*** Opening Data in this exercise ***

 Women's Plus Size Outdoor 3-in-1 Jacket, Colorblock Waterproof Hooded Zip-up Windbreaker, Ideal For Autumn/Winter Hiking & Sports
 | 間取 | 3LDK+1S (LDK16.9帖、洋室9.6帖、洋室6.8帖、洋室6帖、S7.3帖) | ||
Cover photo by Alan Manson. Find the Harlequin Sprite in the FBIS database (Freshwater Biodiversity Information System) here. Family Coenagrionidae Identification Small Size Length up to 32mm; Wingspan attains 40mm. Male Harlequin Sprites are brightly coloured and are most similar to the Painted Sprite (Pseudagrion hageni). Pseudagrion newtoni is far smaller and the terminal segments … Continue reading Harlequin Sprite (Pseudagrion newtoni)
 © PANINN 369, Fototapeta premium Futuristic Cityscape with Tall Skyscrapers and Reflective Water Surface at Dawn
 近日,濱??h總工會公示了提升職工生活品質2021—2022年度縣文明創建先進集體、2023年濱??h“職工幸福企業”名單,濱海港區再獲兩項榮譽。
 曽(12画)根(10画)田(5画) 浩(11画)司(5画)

*** Closing Data in this exercise ***

__What to produce__: The lines above, from the start of the records through the one containing "(LDK16.9帖、洋室9.6帖、洋室6.8帖、洋室6帖、S7.3帖) | ||", are to be printed exactly, and nothing else is to be included.

__Expected output__:
 Women's Plus Size Outdoor 3-in-1 Jacket, Colorblock Waterproof Hooded Zip-up Windbreaker, Ideal For Autumn/Winter Hiking & Sports
 | 間取 | 3LDK+1S (LDK16.9帖、洋室9.6帖、洋室6.8帖、洋室6帖、S7.3帖) | ||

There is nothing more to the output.